Steven J. Pully, a director of Enzo Biochem, Inc. (ENZ), reported on 08/20/2025 the disposition of 239,992 non-derivative securities in connection with a completed merger.
Per the Merger Agreement, each share of common stock was canceled and converted into the right to receive $0.70 in cash. The reported amount represents 142,897 restricted stock units that vested only by time and 79,365 shares of common stock, which were converted into cash at the merger consideration. Following the transaction the reporting person holds 0 shares.

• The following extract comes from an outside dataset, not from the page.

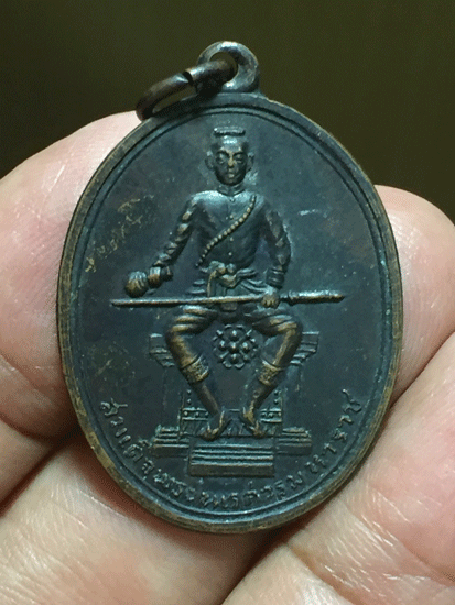 [ ชื่อพระ ] เหรียญสมเด็จพระนเรศวรมหาราช หลังยันต์พระพุทธ หลวงพ่อสี วัดปากคลองบางครก จ.เพชรบุรี ปี 2515

Patricia Eckert, Chief Financial Officer of Enzo Biochem, Inc. (ENZB), reported transactions on 08/20/2025 related to the company's merger. At the effective time of the Merger, each outstanding share of Enzo common stock was canceled and converted into the right to receive $0.70 in cash per share, less applicable withholding taxes. The filing shows Ms. Eckert disposed of 28,328 shares of common stock and, separately, multiple outstanding stock options (totaling 275,000 options) were cancelled without payment or other consideration under the Merger Agreement. Following these transactions, Ms. Eckert reports owning 0 shares and 0 underlying shares from the cancelled options.

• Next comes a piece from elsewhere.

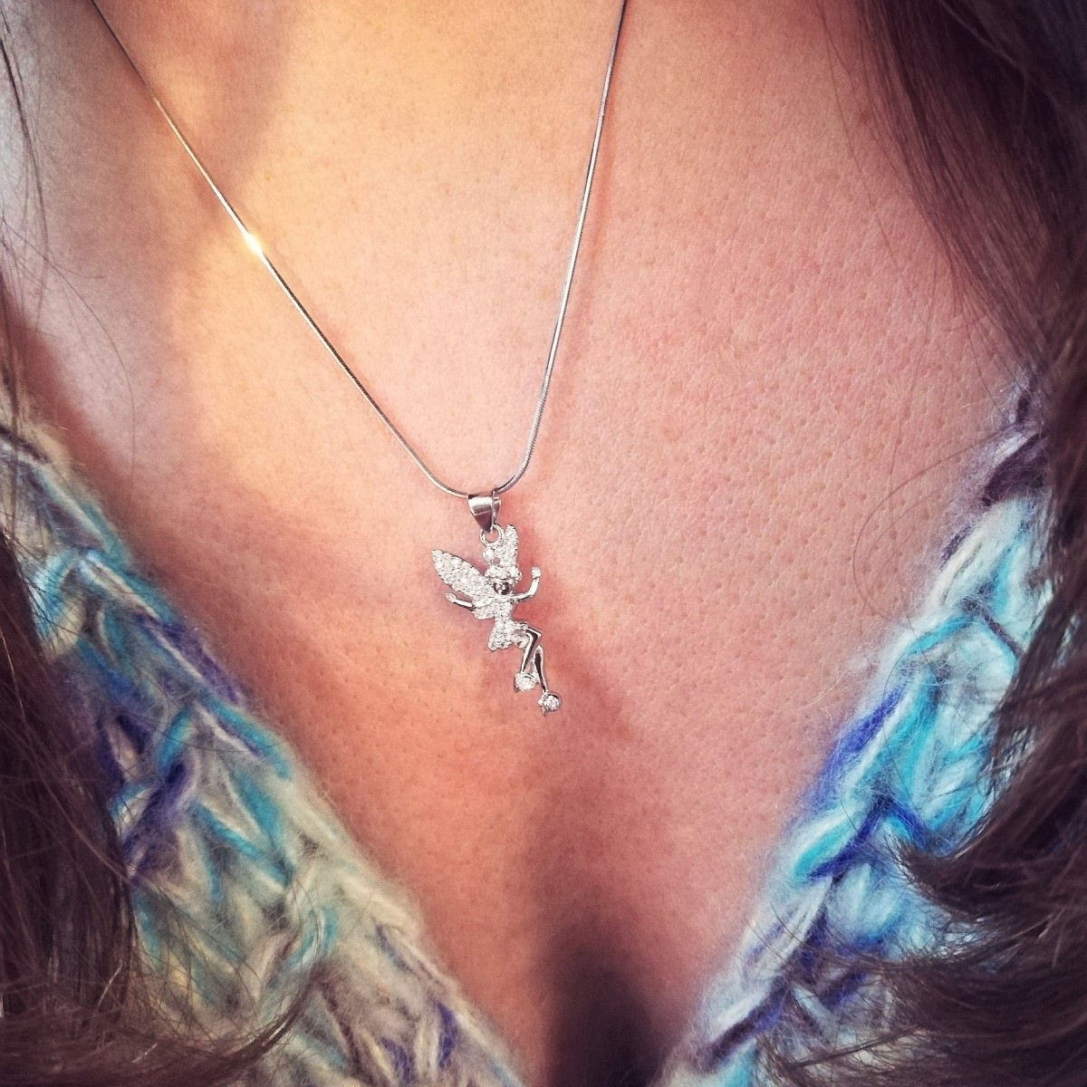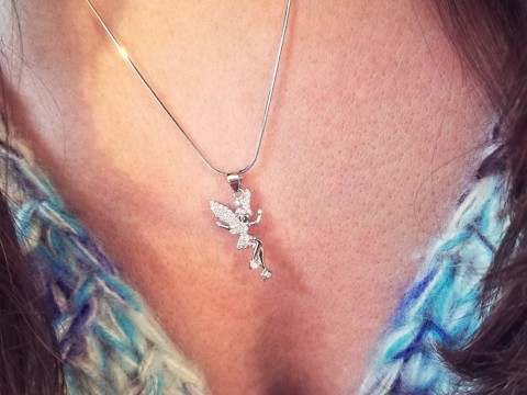 Zawieszka z motywem bajkowej wróżki. Wykonana ze srebra, jednostronnie zdobiona białymi cyrkoniami. Uszlachetniona rodem, by dłużej zachowała jasną barwę, blask i była odporniejsza na uszkodzenia.

Enzo Biochem insider Jon Couchman reported that all of his holdings in the company were disposed of on 08/20/2025 in connection with a merger that made Enzo a wholly-owned subsidiary. At the Effective Time of the Merger, each share of common stock was cancelled and converted into the right to receive $0.70 in cash per share, net of taxes. The filing shows the cancellation/conversion of 142,897 RSUs and disposals of common stock held directly or indirectly through Xstelos Holdings, Myrexis, the Couchman Family Fund and his retirement accounts, leaving 0 shares beneficially owned following the transactions.

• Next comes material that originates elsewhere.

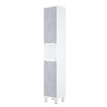 У пенала 2 распашные двери, по центру – ниша. У пенала – 4 металлические опоры. Боковины и передники кромки видимых полок красятся в белую глянцевую эмаль.
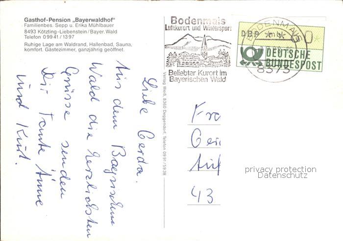 72016350 alte Postkarte Liebenstein Bad Koetzting Gasthaus Pension Bayernwaldhof postalisch gelaufen Erhaltung siehe scans KatCode: 11110009372137

Enzo Biochem insider filings show the company's merger closed and equity holdings were converted or canceled. The reporting person, Kara Cannon, who served as Chief Executive Officer and director, disposed of 359,737 shares of common stock and 45,065 shares held indirectly in a 401(k) on 08/20/2025. Under the Merger Agreement dated June 23, 2025, each share of common stock was canceled and converted into the right to receive $0.70 in cash per share. Time-vested RSUs held by directors were similarly converted into cash based on underlying shares. Outstanding stock options were canceled at the Effective Time without any cash payment or other consideration.